## [MATERIAL PROVIDED]
══════════════════════════════

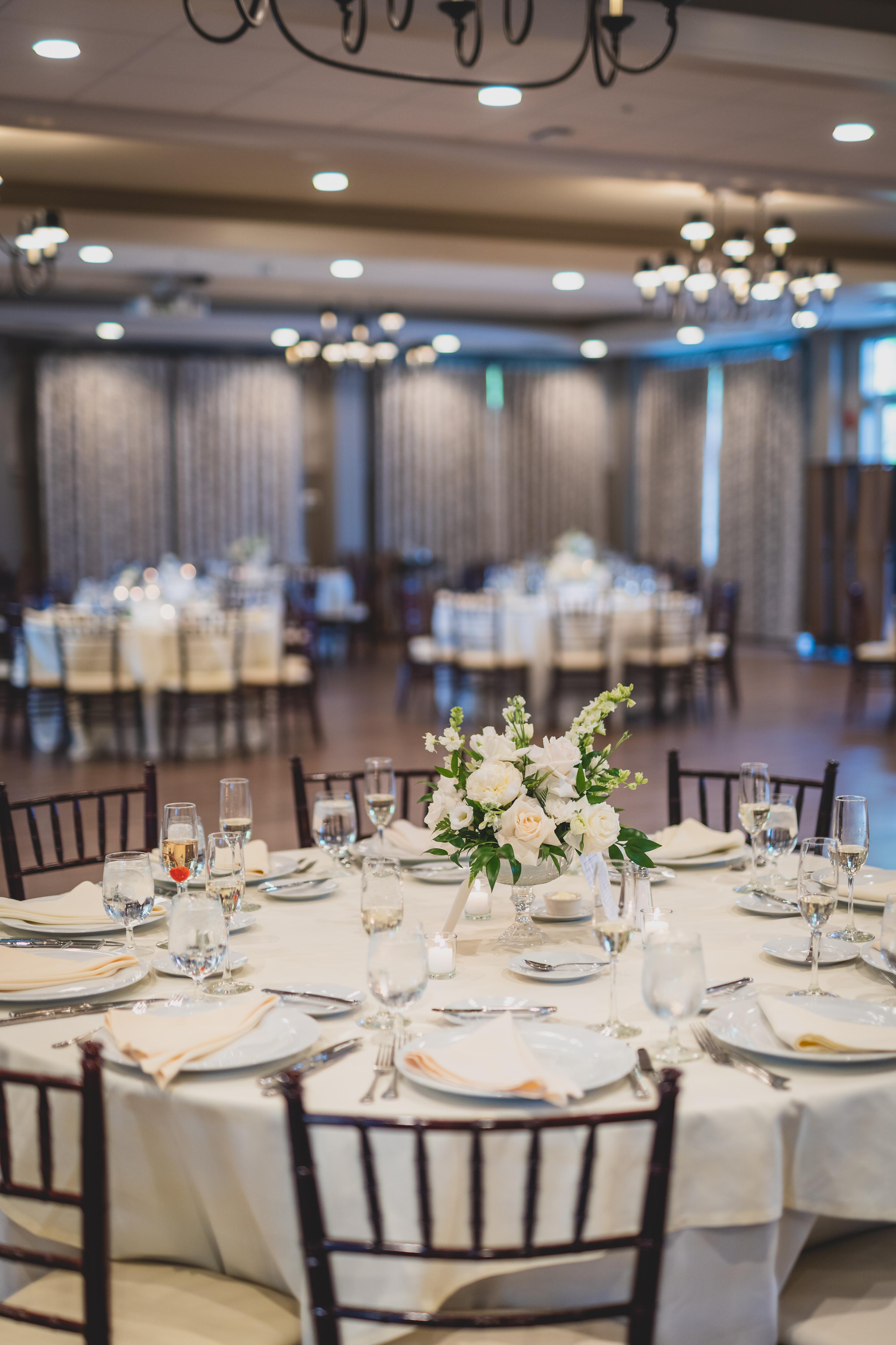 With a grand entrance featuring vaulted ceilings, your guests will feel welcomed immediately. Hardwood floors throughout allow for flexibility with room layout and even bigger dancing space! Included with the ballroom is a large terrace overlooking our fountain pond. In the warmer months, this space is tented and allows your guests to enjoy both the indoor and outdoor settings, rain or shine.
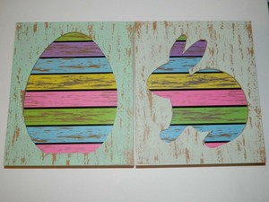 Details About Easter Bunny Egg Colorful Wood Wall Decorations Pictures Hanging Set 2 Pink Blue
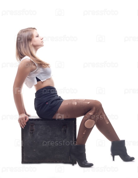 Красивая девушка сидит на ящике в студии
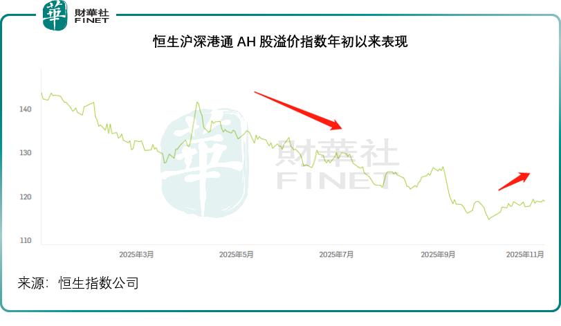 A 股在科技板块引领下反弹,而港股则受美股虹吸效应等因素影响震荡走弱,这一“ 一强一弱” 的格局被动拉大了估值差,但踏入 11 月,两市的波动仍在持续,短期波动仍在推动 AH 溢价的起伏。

══════════════════════════════

Working from the line with "Details About Easter" to the last line of the material above, repeat each line exactly and leave out the pictures.

## [TASK RESPONSE]
 Details About Easter Bunny Egg Colorful Wood Wall Decorations Pictures Hanging Set 2 Pink Blue
 Красивая девушка сидит на ящике в студии
 A 股在科技板块引领下反弹,而港股则受美股虹吸效应等因素影响震荡走弱,这一“ 一强一弱” 的格局被动拉大了估值差,但踏入 11 月,两市的波动仍在持续,短期波动仍在推动 AH 溢价的起伏。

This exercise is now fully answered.